The proteasome-dependent degradation of cyclin G1 suggested that it was likely to be a direct target of the ubiquitination machinery. To confirm this, Flag-tagged wild-type cyclin G1, KR and KD were transfected into U2OS cells, both in the presence and absence of HA-tagged ubiquitin. When cyclin G1 was immunoprecipitated, anti-HA reactive bands and smears of high molecular weight material likely to be polyubiquitinated cyclin G1 were detected in the presence, but not the absence, of HA-ubiquitin (Fig. 3A, left panel). Consistent with the degradation of ubiquitinated cyclin G1 by the proteasome, the intensity of these bands was enhanced by treating the cells with MG-132. In a similar experiment, HA antibodies were used to IP the tagged ubiquitin and blots were probed for Flag-cyclin G1 (Fig. 3A, right panel). Flag reactive bands are present at the top of the gel in the presence of HA-tagged ubiquitin, indicating polyubiquitinated cyclin G1 and mutants. Unmodified cyclin G1 is also detected, indicating that it is being immunoprecipitated through interaction with another ubiquitinated protein. We hypothesize that the reason monoubiquitinated and intermediate forms of cyclin G1 are not detected in this blot is likely due to the large number of cellular proteins that are ubiquitinated, such that the HA antibody is limiting.

Ubiquitination of exogenous and endogenous cyclin G1 and mutants. *A, left panel:* U2OS cells were transfected with Flag-tagged wild-type cyclin G1, KR and KD with and without HA-tagged ubiquitin (UB-HA) as indicated.

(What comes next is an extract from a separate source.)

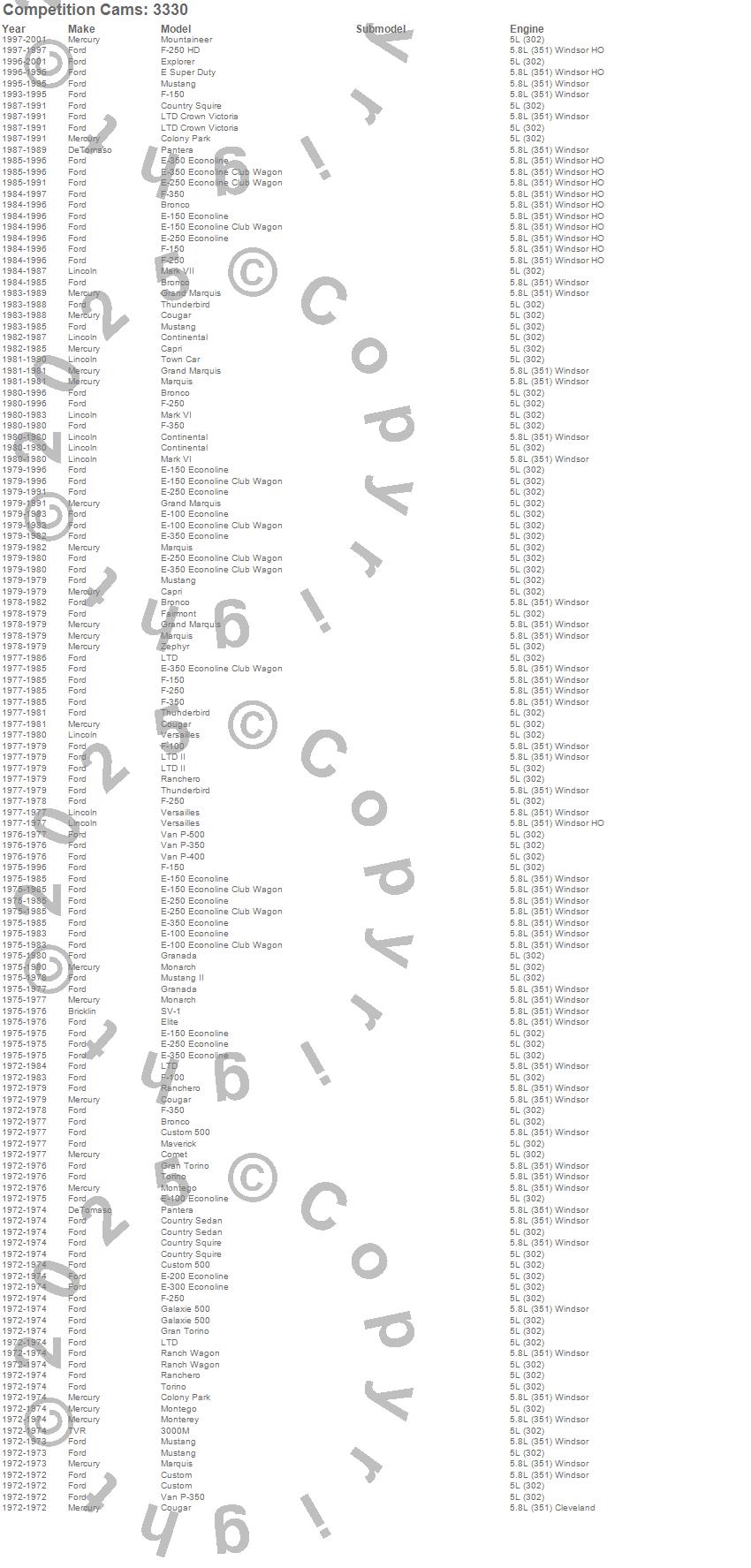 3000M, Bronco, Capri, Colony Park, Comet, Continental, Cougar, Country Sedan, Country Squire, Custom, Custom 500, E Super Duty, E-100 Econoline, E-100 Econoline Club Wagon, E-150 Econoline, E-150 Econoline Club Wagon, E-200 Econoline, E-250 Econoline, E-250 Econoline Club Wagon, E-300 Econoline

Extracts in lanes 1−6 were from cells treated with DMSO and lanes 7−9 from cells treated with MG-132. Cyclin G1 was immunoprecipitated using the Flag antibody and the immunoprecipitates were probed for the presence of UB-HA. Monoubiquitinated forms of wt cyclin G1, R and KD are indicated. The last lane is a direct immunoblot of transfected Flag-tagged wild-type cyclin G1. Molecular weight markers are indicated on the left. *Right panel:* Similar experiment as seen on the left except HA-tagged ubiquitin is immunoprecipitated and the blot is for Flag-tagged cyclin G1. Polyubiquitinated cyclin G1 and un-ubiquitinated cyclin G1 are indicated. B, Direct immunoblot of transfected untagged wt cyclin G1 and KD in the presence and absence of MG-132 and UB-HA in U2OS cells. Wild-type cyclin G1 is also shown in the presence of CDK5 and p27^KIP1. C, Immunoprecipitations of CDK5 from MG-132 treated U2OS cells blotted for Flag-cyclin G1. Modified forms of cyclin G1 and KD coimmunoprecipitating with CDK5 in the presence and absence of p21 and p27 are indicated. D, NIH-3T3 cells were treated with doxorubicin to induce endogenous cyclin G1 followed by addition of MG-132 or DMSO for 4 hours. The left panel is a short exposure of a cyclin G1 immunoblot (S.Cruz H-46) demonstrating the increase in cyclin G1 protein with MG-132. The right panel is a long exposure of the same blot, revealing higher molecular weight bands.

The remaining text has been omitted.